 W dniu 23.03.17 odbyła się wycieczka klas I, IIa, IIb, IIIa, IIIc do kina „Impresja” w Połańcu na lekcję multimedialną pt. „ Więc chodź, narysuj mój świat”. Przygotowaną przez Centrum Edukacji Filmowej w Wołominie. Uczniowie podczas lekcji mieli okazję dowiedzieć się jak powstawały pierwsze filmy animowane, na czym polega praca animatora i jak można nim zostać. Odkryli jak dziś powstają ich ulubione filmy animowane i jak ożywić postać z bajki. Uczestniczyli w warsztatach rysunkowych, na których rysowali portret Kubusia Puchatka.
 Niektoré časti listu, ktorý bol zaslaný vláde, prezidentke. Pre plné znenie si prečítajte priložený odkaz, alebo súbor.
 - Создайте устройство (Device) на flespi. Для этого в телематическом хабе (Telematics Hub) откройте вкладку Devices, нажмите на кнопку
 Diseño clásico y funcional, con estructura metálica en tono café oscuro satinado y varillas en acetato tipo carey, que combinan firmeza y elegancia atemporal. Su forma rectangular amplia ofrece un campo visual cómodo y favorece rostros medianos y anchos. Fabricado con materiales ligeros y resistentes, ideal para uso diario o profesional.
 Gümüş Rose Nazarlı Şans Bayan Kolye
...
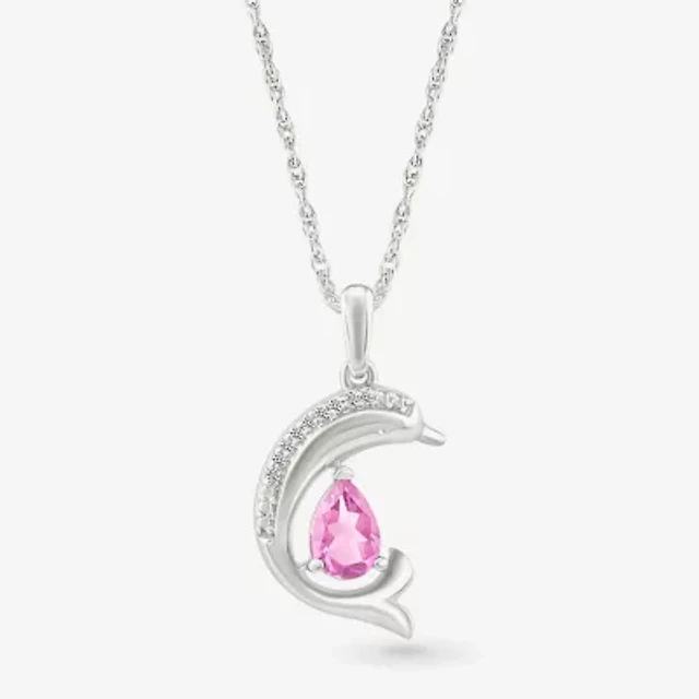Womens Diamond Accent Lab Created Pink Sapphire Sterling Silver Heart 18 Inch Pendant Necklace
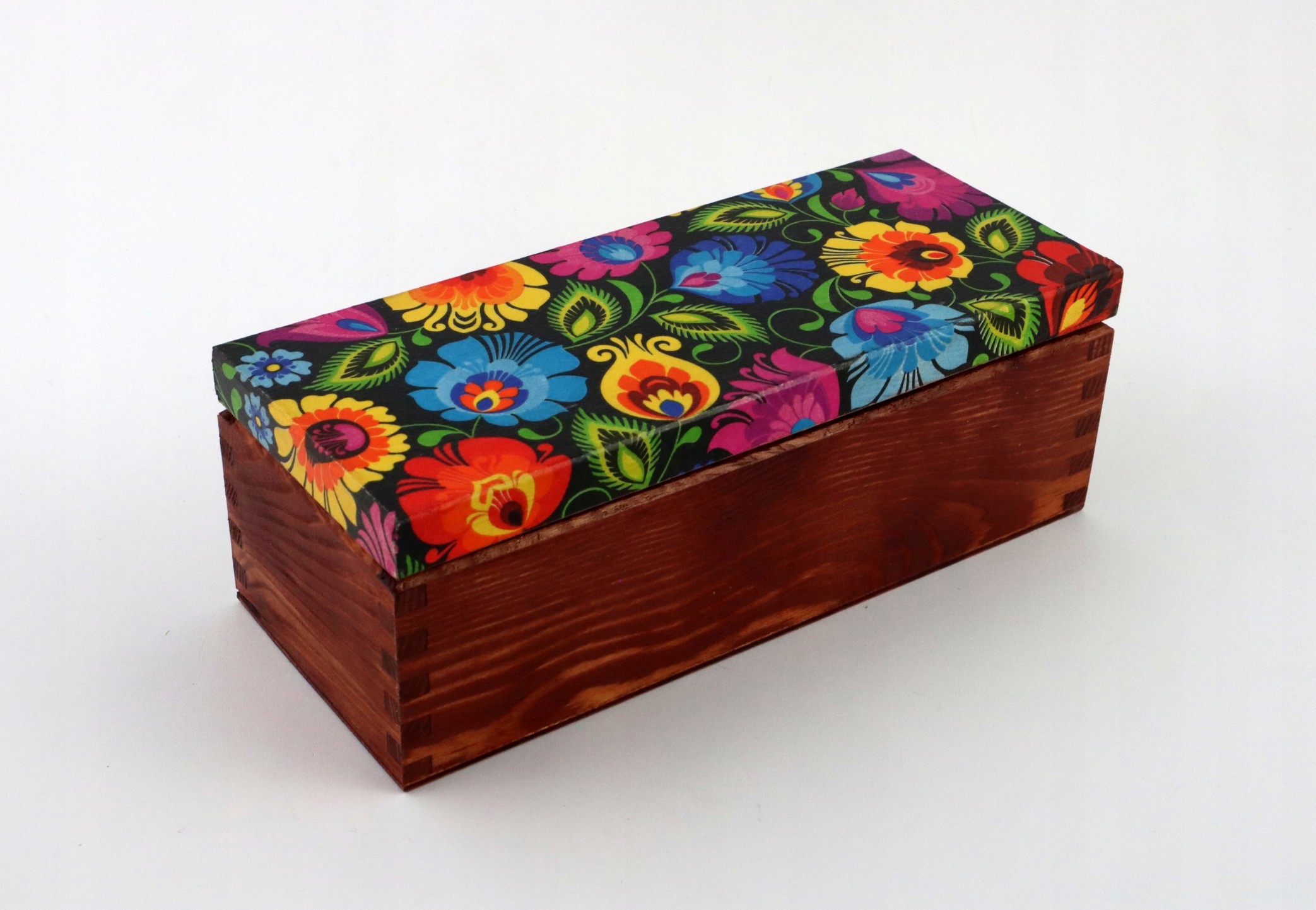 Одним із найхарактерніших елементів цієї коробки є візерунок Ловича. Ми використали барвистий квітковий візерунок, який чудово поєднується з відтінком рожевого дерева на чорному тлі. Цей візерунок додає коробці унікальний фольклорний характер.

## What you are asked to do
Among the entries above, locate the lines containing "W dniu 23.03.17" and "Gümüş Rose Nazarlı Şans Bayan Kolye", and transcribe exactly those two lines and all lines between.

## Exercise result
 W dniu 23.03.17 odbyła się wycieczka klas I, IIa, IIb, IIIa, IIIc do kina „Impresja” w Połańcu na lekcję multimedialną pt. „ Więc chodź, narysuj mój świat”. Przygotowaną przez Centrum Edukacji Filmowej w Wołominie. Uczniowie podczas lekcji mieli okazję dowiedzieć się jak powstawały pierwsze filmy animowane, na czym polega praca animatora i jak można nim zostać. Odkryli jak dziś powstają ich ulubione filmy animowane i jak ożywić postać z bajki. Uczestniczyli w warsztatach rysunkowych, na których rysowali portret Kubusia Puchatka.
 Niektoré časti listu, ktorý bol zaslaný vláde, prezidentke. Pre plné znenie si prečítajte priložený odkaz, alebo súbor.
 - Создайте устройство (Device) на flespi. Для этого в телематическом хабе (Telematics Hub) откройте вкладку Devices, нажмите на кнопку
 Diseño clásico y funcional, con estructura metálica en tono café oscuro satinado y varillas en acetato tipo carey, que combinan firmeza y elegancia atemporal. Su forma rectangular amplia ofrece un campo visual cómodo y favorece rostros medianos y anchos. Fabricado con materiales ligeros y resistentes, ideal para uso diario o profesional.
 Gümüş Rose Nazarlı Şans Bayan Kolye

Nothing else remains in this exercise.